# Celestial Pearl Danios with other fish



## shift (Jan 7, 2013)

Any small peaceful fish.. I have mine with Rummys, shrimp, harlequins, neons, ottos and exclamation mark rasboras (through various tanks)


----------



## GodofFishtanks (Apr 4, 2013)

Thanks!! Do they attack the shrimp at all?


----------



## Oceangirl (Feb 5, 2013)

I am planning on them being with some of my shrimp. I have a planted 29 That I plan to move my Blue velvets over in a bit. Just CPDS, Panda cories, Blue velvets. I just added 5 more today. Unfortunately, 1 passed in drip acclimation. Be careful with your drip. I did a 2 hour drip, and he still passed.


----------



## shift (Jan 7, 2013)

bigger shrimp are fine with CPDs.. i havent seen any attack babies, but then again i only have fry - 1/2 size cpd in my tanks with the wee shrimp


----------



## GodofFishtanks (Apr 4, 2013)

Oh alright! Thanks for the info guys


----------



## blink (Feb 22, 2012)

I kept cherries with CPD and even though the tank was heavily planted and had plenty of hiding spaces my cherry colony never seemed to grow. 
Now the cherries share a tank with some blue neon tetras and some maculatas and booom, shimbros errywhere!

The CPDs have done well paired with everything I've tried, from White cloud mountain minnows to dwarf rainbowfish and a bolivian ram. I think the White Clouds were actually the best pairing but I've got them in with some Kubotai rasbora right now and they really seem to get along well.


----------



## newbowery (Apr 24, 2013)

just my own preference but i think they look best kept with fish the same size. i have mine with danio tinwinii & Microrasbora erythromicron, both of which are under an inch.

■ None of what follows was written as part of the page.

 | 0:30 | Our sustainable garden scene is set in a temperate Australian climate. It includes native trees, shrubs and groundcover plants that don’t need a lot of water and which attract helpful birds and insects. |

something to consider is that they are a shy fish but they get a lot more bold if you keep a larger group so you might want to do more of the CPDs and scratch a few others off the list.

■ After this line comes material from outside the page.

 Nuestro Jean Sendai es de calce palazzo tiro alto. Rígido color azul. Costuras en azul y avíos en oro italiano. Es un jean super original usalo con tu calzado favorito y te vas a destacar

i had a small tank set up with just CPD's for breeding, maybe had 15 or so, and they were a lot more interesting to watch and active than they are now with my other fish.

i HIGHLY recommend the danio tinwinii if you like CPDs. same size and very exotic looking but much more active and a lot less timid. they can be ordered on line but ive never seen them at any LFS in NYC or chicago.


----------



## bklyndrvr (May 24, 2008)

I have a dozen in 12" cube heavily planted and they seems to swim in and out of the vegetation but will get scared when I put my big scary face to the tank.

I was thinking of adding Microrasbora erythromicron to there also. Would my tank be over stocked?

Newbowery: WHere did you get yours from?


----------



## Jahn (Apr 26, 2013)

I have ten on the way right now, for a 20 gallon high tank with red sakura/blue rili/pumpkin shrimp, 4 neon tetra and 6 emperor tetra. The CPD will finish off the tank's community. Yep, a community tank, not a breeder. If any shrimp or fish eggs survive, kudos to them, but I'm already assuming that the tetra will eat what the CPD won't - but the tetra have only killed one juvie shrimp that I've seen so far, and have left the bigger bolder ones totally alone.


----------